* [ACTIVITY] Give back the exact lines of the material below from the one containing "- ložná plocha: 160x200 cm" through the one containing "Xịt Khoáng Cấp", and no pictures.

* [THE DATA]
<<<<
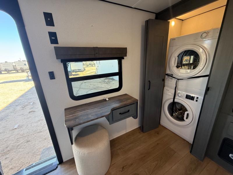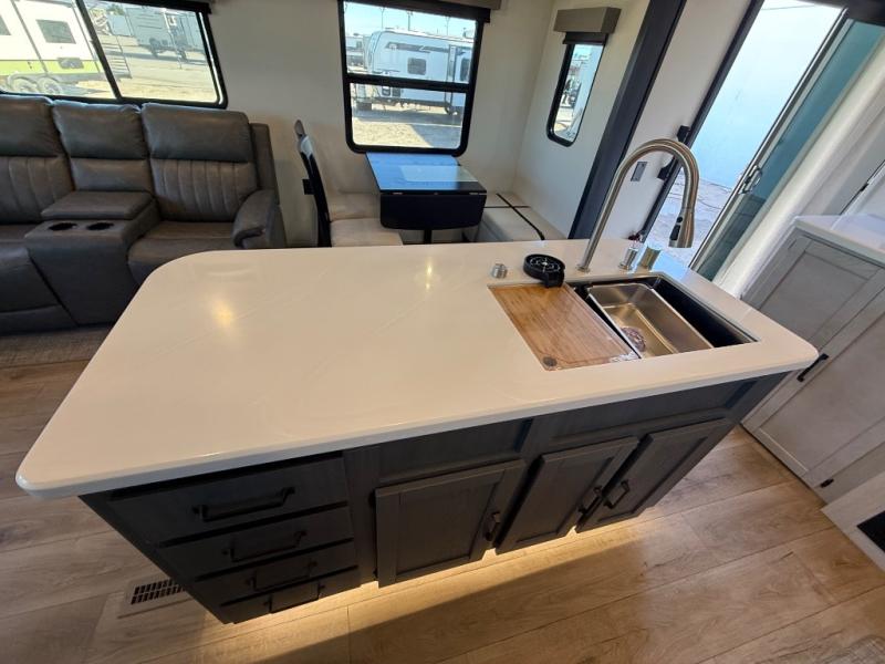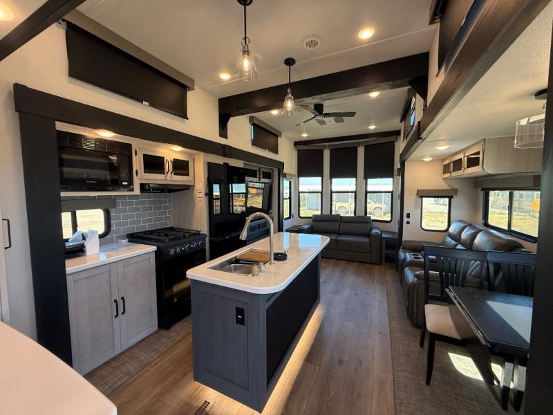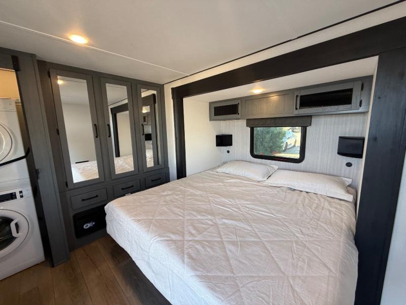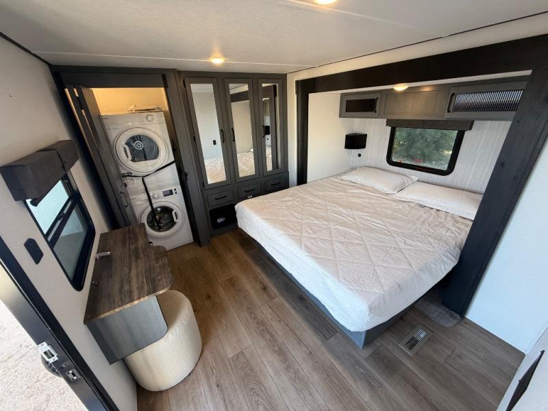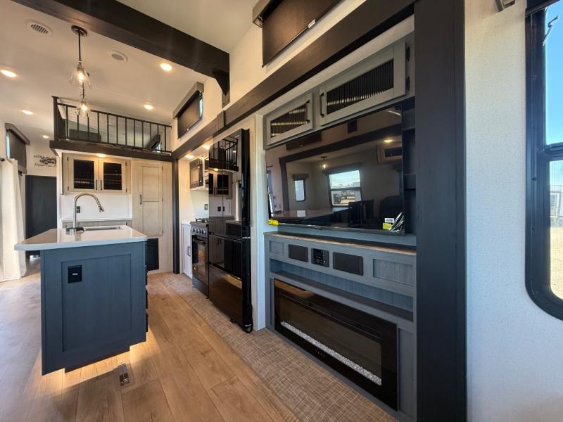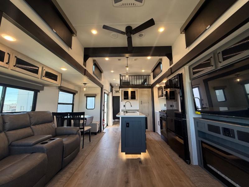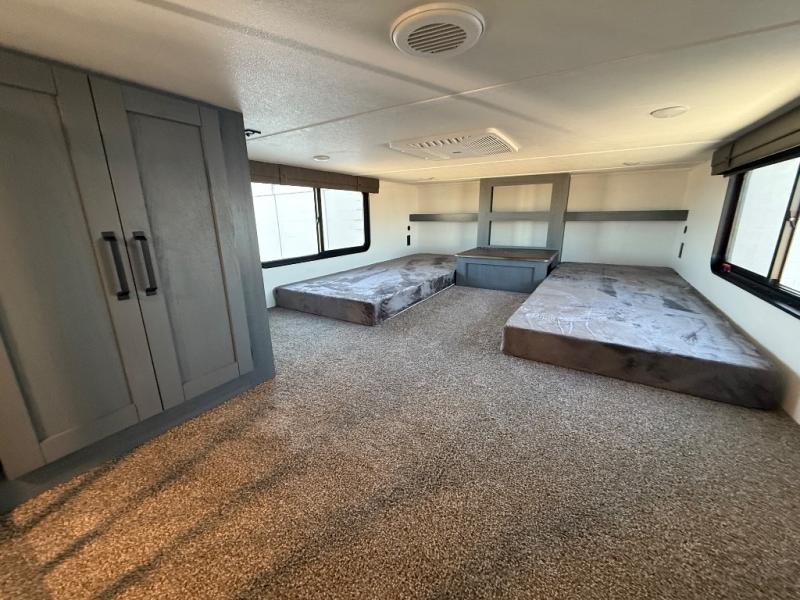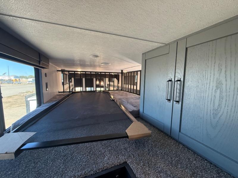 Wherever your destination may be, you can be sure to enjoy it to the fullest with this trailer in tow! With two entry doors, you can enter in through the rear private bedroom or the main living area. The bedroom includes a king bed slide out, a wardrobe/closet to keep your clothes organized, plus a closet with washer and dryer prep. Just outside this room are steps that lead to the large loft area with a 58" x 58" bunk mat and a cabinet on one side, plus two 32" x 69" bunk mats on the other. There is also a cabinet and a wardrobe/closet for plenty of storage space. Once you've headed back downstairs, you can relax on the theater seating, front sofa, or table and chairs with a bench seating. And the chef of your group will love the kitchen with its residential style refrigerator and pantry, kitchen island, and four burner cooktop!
>>>>
<<<<
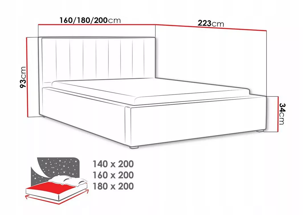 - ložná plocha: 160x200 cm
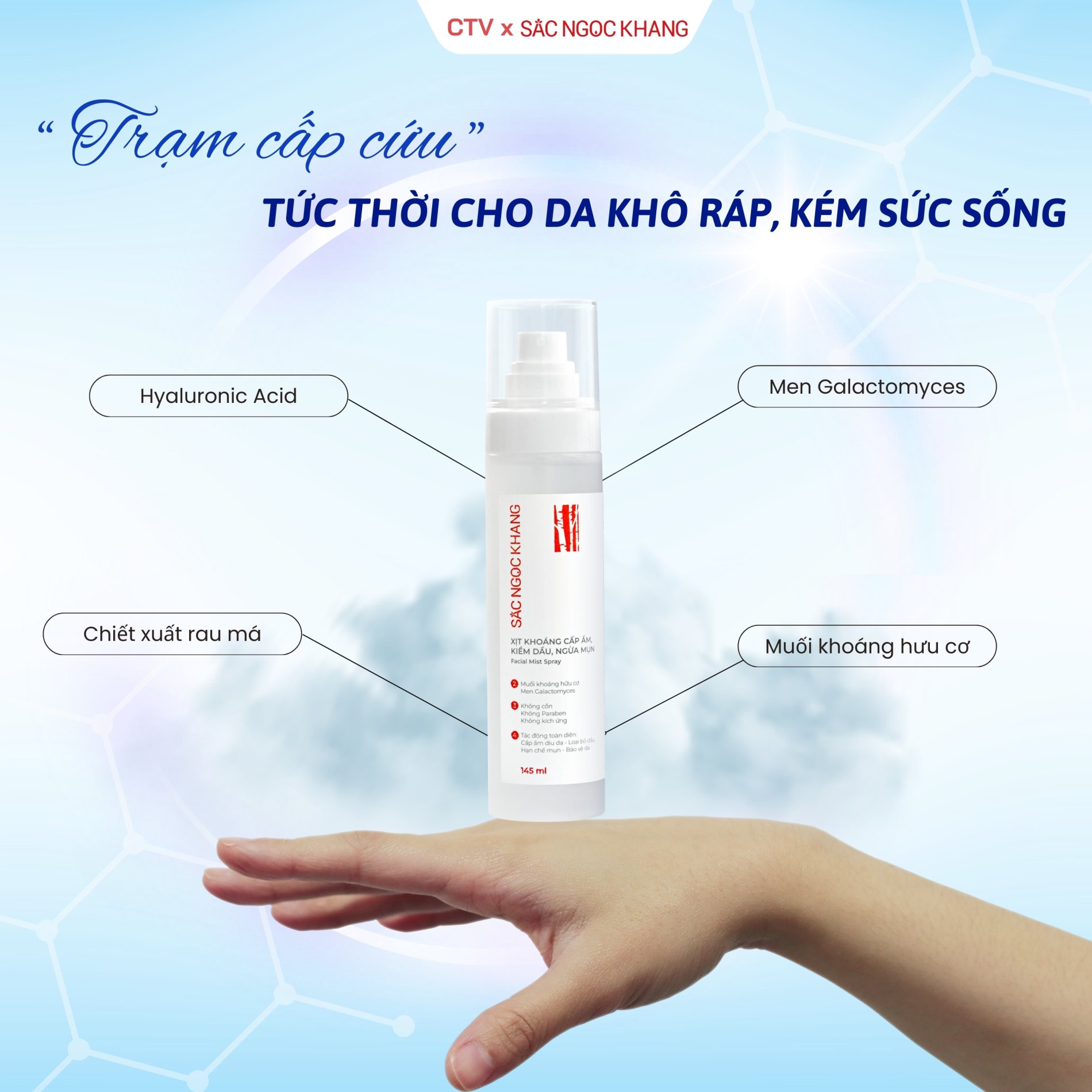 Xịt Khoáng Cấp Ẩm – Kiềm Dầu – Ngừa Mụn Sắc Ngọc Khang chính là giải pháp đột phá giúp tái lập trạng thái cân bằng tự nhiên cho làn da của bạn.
>>>>
* [WRITTEN RESPONSE]
 - ložná plocha: 160x200 cm
 Xịt Khoáng Cấp Ẩm – Kiềm Dầu – Ngừa Mụn Sắc Ngọc Khang chính là giải pháp đột phá giúp tái lập trạng thái cân bằng tự nhiên cho làn da của bạn.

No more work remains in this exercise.